Rundbrief Bürgerbeteiligung II/1999
Wie lebt es sich wirklich im Sparrplatz-/Sprengelkiez? (1/2)
Das Quartiersmanagement Sparrplatz in Berlin-Wedding führte 350 Gespräche mit BewohnerInnen als ExpertInnen »ihres« Kiezes im Rahmen einer »aktivierenden Befragung«
von Brigitte Waschulewski und Hans-Georg Rennert
Quartiersmanagement
ist ein neues Programm des Senats von Berlin zur Verbesserung der Lebensqualität und des Zusammenlebens in 15 Gebieten in Berlin. Im »Gebiet Sparrplatz« sind das SPI und das Kommunale Forum Wedding e.V. mit dem Quartiersmanagement beauftragt. Quartiersmanagement soll mehr BewohnerInnen ermutigen, für sich und den Kiez aktiv zu werden und soll helfen, maßgeschneiderte Projekte zu entwickeln, die dem örtlichen Bedarf entsprechen und auf den Potentialen im Stadtteil beruhen. Ein wichtiger Arbeitsschritt im Rahmen dieser Aufgaben war eine »aktivierende Befragung« im Gebiet.

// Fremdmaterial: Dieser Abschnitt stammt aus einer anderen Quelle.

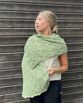 Nellie shawl is worked in 2 similar pieces, in a lovely lace pattern. To finish you will join the 2 pieces in the center by knitting the pieces together. You can easily make the shawl longer or shorter.

Zur Methode »aktivierende Befragung«
Eine »aktivierende Befragung« (in der Fachliteratur auch »Aktionsuntersuchung« genannt) zielt auf die Verbesserung der Lebenssituation der Bewohner/innen eines Gemeinwesens ab. Der Prozeß der Veränderung der Lebenssituation orientiert sich ausdrücklich an den Bedarfen und Bedürfnissen der BewohnerInnen. Dabei nehmen diese eine aktive Rolle der Mitgestaltung, Mitwirkung ein. Die »aktivierende Befragung« entspricht keinesfalls einer »empirischen Befragung«, die zur Anfertigung einer Statistik dient. »Das Hauptziel einer Aktionsuntersuchung ist die Veränderung der Situation im Gemeinwesen im Sinne der dort lebenden und betroffenen Bürger durch deren Aktion.« (HINTE, Wolfgang / KARAS, Fritz, Studienbuch der Gruppen- und Gemeinwesenarbeit, Luchterhand Verlag, Neuwied und Frankfurt am Main:1989, S.47) Es werden bei der »aktivierenden Befragung« Gespräche geführt, die auf einem offenen Fragesystem basieren. Das offene Fragen ist dabei von besonderer Bedeutung. Die Befragenden verhalten sich während des Gesprächs zurückhaltend und vertreten die Position der »Unwissenden« und »Interessierten«. Die Befragten sollten in keine vorgegebene Richtung gedrängt werden. Im Laufe der Gespräche erfahren die Befragenden auf diese Art und Weise Informationen, die durch einen detaillierten Fragebogen nie ermittelt hätten werden können.
Die »aktivierende Befragung« im Sparrplatz-/ Sprengelkiez
Die »aktivierende Befragung« wurde durchgeführt, um mit möglichst vielen BewohnerInnen im Sparrplatz-/ Sprengelkiez ins Gespräch zu kommen und ihre Meinung über »ihren« Kiez zu hören. Über die Befragung sollte zudem ein erster Schritt zur Aktivierung gemacht werden. So wurde erfragt, ob der/die befragte Bewohner/in bereit ist, sich persönlich einzubringen und zu beteiligen, um die Lebenssituation im Kiez zu verbessern. Außerdem wurde versucht in Erfahrung zu bringen, unter welchen Bedingungen sich die Befragten eine Mitwirkung vorstellen könnten.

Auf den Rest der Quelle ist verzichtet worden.